▶ **What is being asked**: Please copy exactly the part of the records below that opens with the line containing "オークの美しい木目が際立つ幅" and closes with the line containing "-REUSABLE BINGO BOARD", leaving out any pictures.

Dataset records

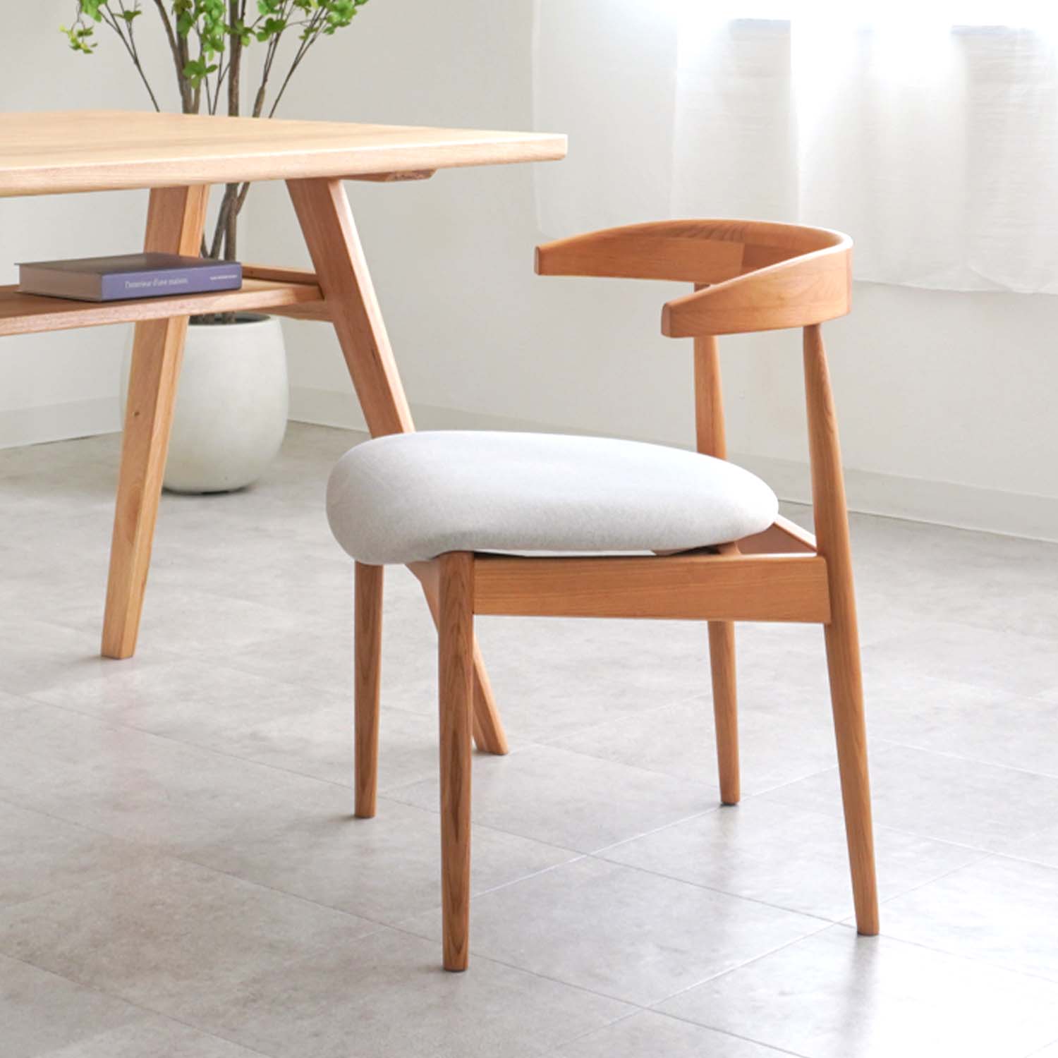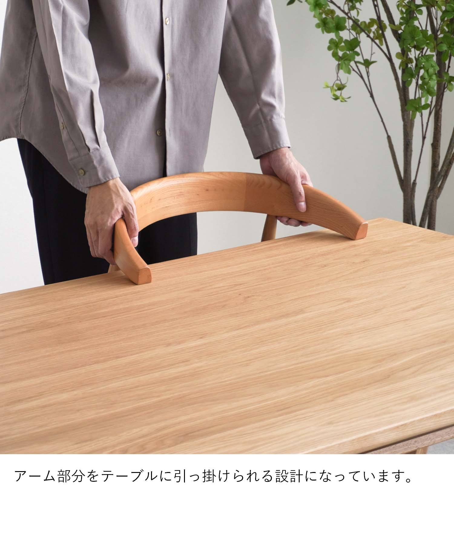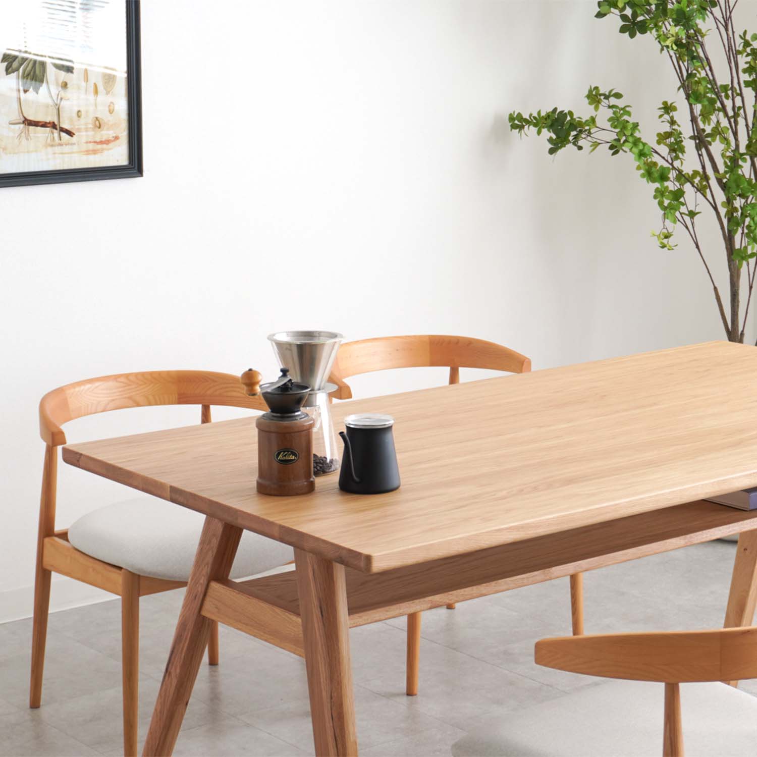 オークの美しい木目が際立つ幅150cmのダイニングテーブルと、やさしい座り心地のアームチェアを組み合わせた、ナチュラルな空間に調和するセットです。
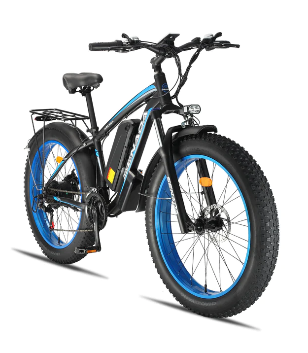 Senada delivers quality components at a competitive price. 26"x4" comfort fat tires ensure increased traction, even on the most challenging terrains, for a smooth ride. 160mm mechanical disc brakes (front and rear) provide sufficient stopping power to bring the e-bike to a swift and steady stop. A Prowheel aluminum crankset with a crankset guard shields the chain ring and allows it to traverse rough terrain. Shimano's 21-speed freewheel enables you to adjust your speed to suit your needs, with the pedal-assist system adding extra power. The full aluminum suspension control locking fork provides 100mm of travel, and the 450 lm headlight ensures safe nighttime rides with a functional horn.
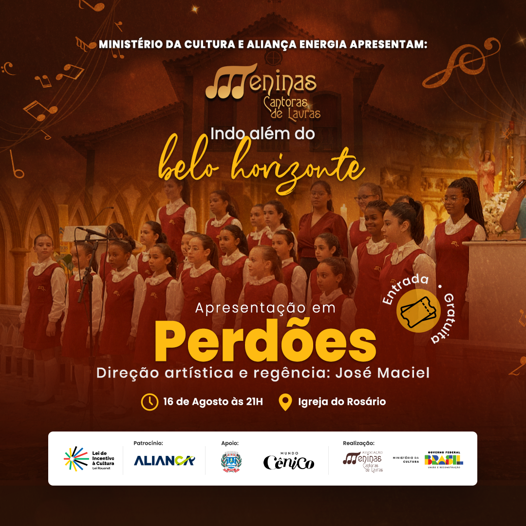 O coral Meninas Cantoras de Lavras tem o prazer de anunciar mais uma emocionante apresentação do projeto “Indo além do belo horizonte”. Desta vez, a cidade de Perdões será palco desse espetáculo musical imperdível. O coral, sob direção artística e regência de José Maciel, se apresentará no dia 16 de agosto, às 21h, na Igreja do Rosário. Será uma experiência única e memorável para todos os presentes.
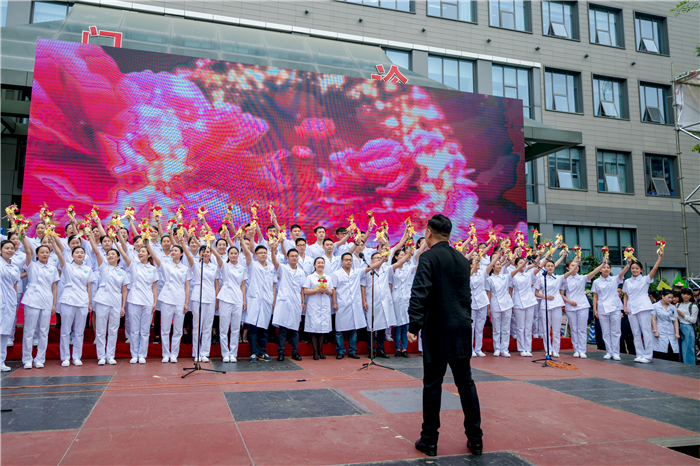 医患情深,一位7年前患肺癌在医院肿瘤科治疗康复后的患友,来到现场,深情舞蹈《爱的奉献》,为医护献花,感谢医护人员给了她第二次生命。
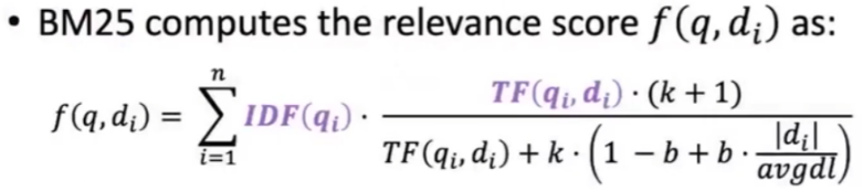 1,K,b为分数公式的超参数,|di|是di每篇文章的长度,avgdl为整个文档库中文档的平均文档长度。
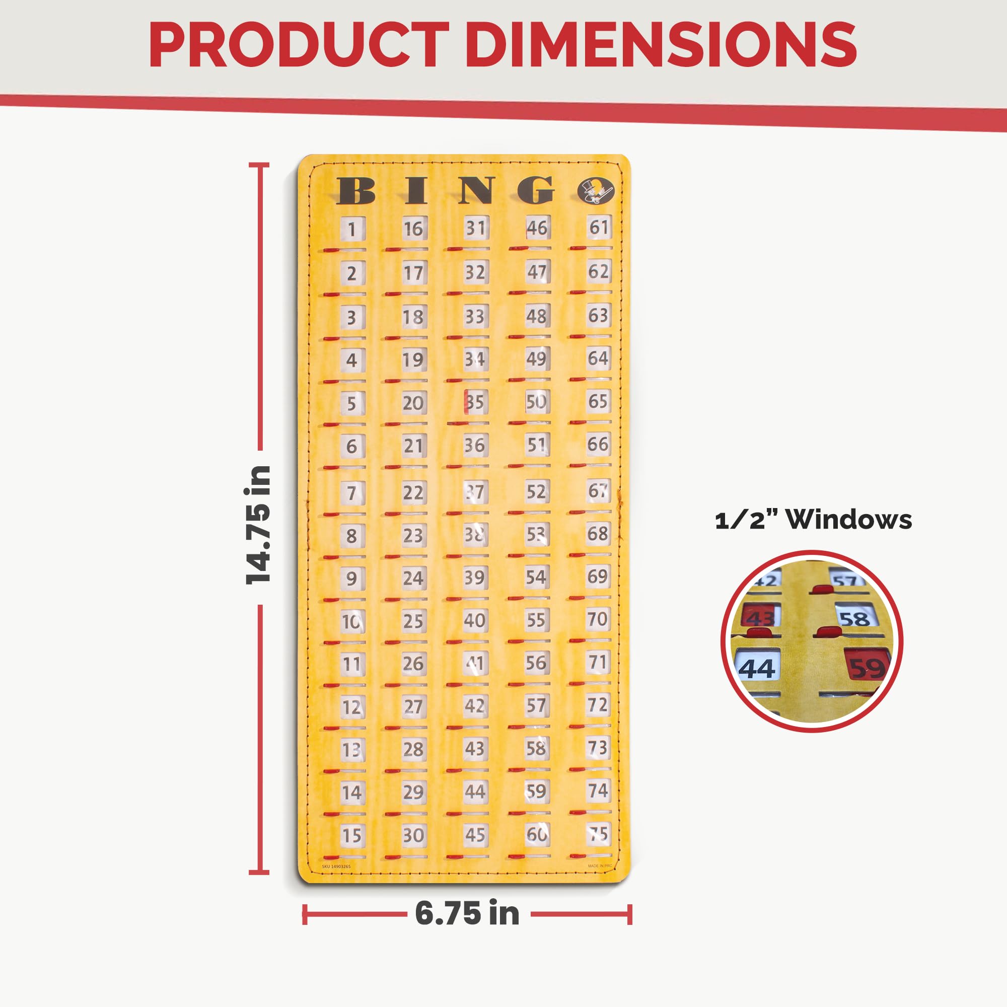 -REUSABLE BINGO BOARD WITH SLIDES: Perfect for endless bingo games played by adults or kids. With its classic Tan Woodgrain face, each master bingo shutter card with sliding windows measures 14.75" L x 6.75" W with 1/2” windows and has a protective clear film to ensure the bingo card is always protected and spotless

--

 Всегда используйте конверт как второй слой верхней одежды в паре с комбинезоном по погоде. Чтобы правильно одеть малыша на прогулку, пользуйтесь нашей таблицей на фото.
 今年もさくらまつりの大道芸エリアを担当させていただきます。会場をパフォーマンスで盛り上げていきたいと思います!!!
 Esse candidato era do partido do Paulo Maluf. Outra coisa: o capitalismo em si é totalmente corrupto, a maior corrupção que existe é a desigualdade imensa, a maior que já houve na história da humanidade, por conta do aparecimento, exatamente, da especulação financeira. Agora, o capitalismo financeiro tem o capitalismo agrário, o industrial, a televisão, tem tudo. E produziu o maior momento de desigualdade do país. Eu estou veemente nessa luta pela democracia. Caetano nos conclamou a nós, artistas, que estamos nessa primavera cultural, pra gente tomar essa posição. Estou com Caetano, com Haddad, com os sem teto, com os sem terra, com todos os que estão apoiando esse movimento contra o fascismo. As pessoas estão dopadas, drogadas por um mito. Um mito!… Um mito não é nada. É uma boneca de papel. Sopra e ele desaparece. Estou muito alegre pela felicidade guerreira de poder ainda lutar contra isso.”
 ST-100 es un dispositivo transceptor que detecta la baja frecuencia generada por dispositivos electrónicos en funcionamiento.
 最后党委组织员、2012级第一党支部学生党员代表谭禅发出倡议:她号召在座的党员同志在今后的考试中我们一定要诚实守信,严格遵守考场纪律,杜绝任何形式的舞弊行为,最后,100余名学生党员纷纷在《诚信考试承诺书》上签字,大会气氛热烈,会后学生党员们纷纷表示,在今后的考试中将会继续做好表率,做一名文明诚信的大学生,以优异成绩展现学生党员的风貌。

▶ **Result of the task**:
 オークの美しい木目が際立つ幅150cmのダイニングテーブルと、やさしい座り心地のアームチェアを組み合わせた、ナチュラルな空間に調和するセットです。
 Senada delivers quality components at a competitive price. 26"x4" comfort fat tires ensure increased traction, even on the most challenging terrains, for a smooth ride. 160mm mechanical disc brakes (front and rear) provide sufficient stopping power to bring the e-bike to a swift and steady stop. A Prowheel aluminum crankset with a crankset guard shields the chain ring and allows it to traverse rough terrain. Shimano's 21-speed freewheel enables you to adjust your speed to suit your needs, with the pedal-assist system adding extra power. The full aluminum suspension control locking fork provides 100mm of travel, and the 450 lm headlight ensures safe nighttime rides with a functional horn.
 O coral Meninas Cantoras de Lavras tem o prazer de anunciar mais uma emocionante apresentação do projeto “Indo além do belo horizonte”. Desta vez, a cidade de Perdões será palco desse espetáculo musical imperdível. O coral, sob direção artística e regência de José Maciel, se apresentará no dia 16 de agosto, às 21h, na Igreja do Rosário. Será uma experiência única e memorável para todos os presentes.
 医患情深,一位7年前患肺癌在医院肿瘤科治疗康复后的患友,来到现场,深情舞蹈《爱的奉献》,为医护献花,感谢医护人员给了她第二次生命。
 1,K,b为分数公式的超参数,|di|是di每篇文章的长度,avgdl为整个文档库中文档的平均文档长度。
 -REUSABLE BINGO BOARD WITH SLIDES: Perfect for endless bingo games played by adults or kids. With its classic Tan Woodgrain face, each master bingo shutter card with sliding windows measures 14.75" L x 6.75" W with 1/2” windows and has a protective clear film to ensure the bingo card is always protected and spotless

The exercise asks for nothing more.